Editorial
Copyright ©The Author(s) 2016. Published by Baishideng Publishing Group Inc. All rights reserved.
World J Gastroenterol. Jan 28, 2016; 22(4): 1331-1334
Published online Jan 28, 2016. doi: 10.3748/wjg.v22.i4.1331
Is irritable bowel syndrome an infectious disease?
John Richard Thompson
John Richard Thompson, Department of Pharmacy Practice, Lipscomb University College of Pharmacy, One University Park Drive, Nashville, TN 37204, United States
Author contributions: Thompson JR contributed solely to the literature analysis and writing of the manuscript.
Conflict-of-interest statement: Dr. Thompson serves on the Speakers’ Bureau for GlaxoSmithKline and Salix Pharmaceuticals.
Open-Access: This article is an open-access article which was selected by an in-house editor and fully peer-reviewed by external reviewers. It is distributed in accordance with the Creative Commons Attribution Non Commercial (CC BY-NC 4.0) license, which permits others to distribute, remix, adapt, build upon this work non-commercially, and license their derivative works on different terms, provided the original work is properly cited and the use is non-commercial. See: http://creativecommons.org/licenses/by-nc/4.0/
Correspondence to: John Richard Thompson, PharmD, MBA, Professor, Chair, Department of Pharmacy Practice, Lipscomb University College of Pharmacy, One University Park Drive, Nashville, TN 37204, United States. richard.thompson@lipscomb.edu
Telephone: +1-615- 9667172 Fax: +1-615-9667163
Received: April 29, 2015
Peer-review started: May 12, 2015
First decision: August 26, 2015
Revised: October 6, 2015
Accepted: November 24, 2015
Article in press: November 24, 2015
Published online: January 28, 2016
Abstract

Irritable bowel syndrome (IBS) is the most common of all gastroenterological diseases. While many mechanisms have been postulated to explain its etiology, no single mechanism entirely explains the heterogeneity of symptoms seen with the various phenotypes of the disease. Recent data from both basic and clinical sciences suggest that underlying infectious disease may provide a unifying hypothesis that better explains the overall symptomatology. The presence of small intestinal bowel overgrowth (SIBO) has been documented in patients with IBS and reductions in SIBO as determined by breath testing correlate with IBS symptom improvement in clinical trials. The incidence of new onset IBS symptoms following acute infectious gastroenteritis also suggests an infectious cause. Alterations in microbiota-host interactions may compromise epithelial barrier integrity, immune function, and the development and function of both central and enteric nervous systems explaining alterations in the brain-gut axis. Clinical evidence from treatment trials with both probiotics and antibiotics also support this etiology. Probiotics appear to restore the imbalance in the microflora and improve IBS-specific quality of life. Antibiotic trials with both neomycin and rifaximin show improvement in global IBS symptoms that correlates with breath test normalization in diarrhea-predominant patients. The treatment response to two weeks of rifaximin is sustained for up to ten weeks and comparable results are seen in symptom reduction with retreatment in patients who develop recurrent symptoms.

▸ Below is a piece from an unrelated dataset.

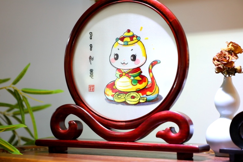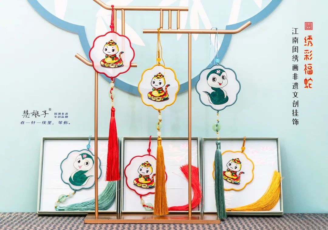 上海慧绣文化发展有限公司将蛇年元素融入江南闺绣画的创作中,设计了2款文创形象。

Keywords: Irritable bowel syndrome, Pathopohysiology, Etiology, Probiotics, Antibiotics, Infectious disease

Core tip: Recent evidence from both basic and clinical science supports the hypothesis of infectious disease as an etiological agent in irritable bowel syndrome (IBS). The presence of small intestinal bowel overgrowth and its treatment as reflected in reductions of lactulose hydrogen breath tests correlates with improvement in IBS symptoms. Clinical trials with both probiotics and antibiotics also appear to relieve symptoms of IBS and have a sustained effect post-treatment. Recurrences of symptoms post-treatment appear to respond similarly with no loss of effect. An infectious disease etiology of IBS may explain the heterogeneous symptoms of the disease and varying responses seen with different symptom phenotypes.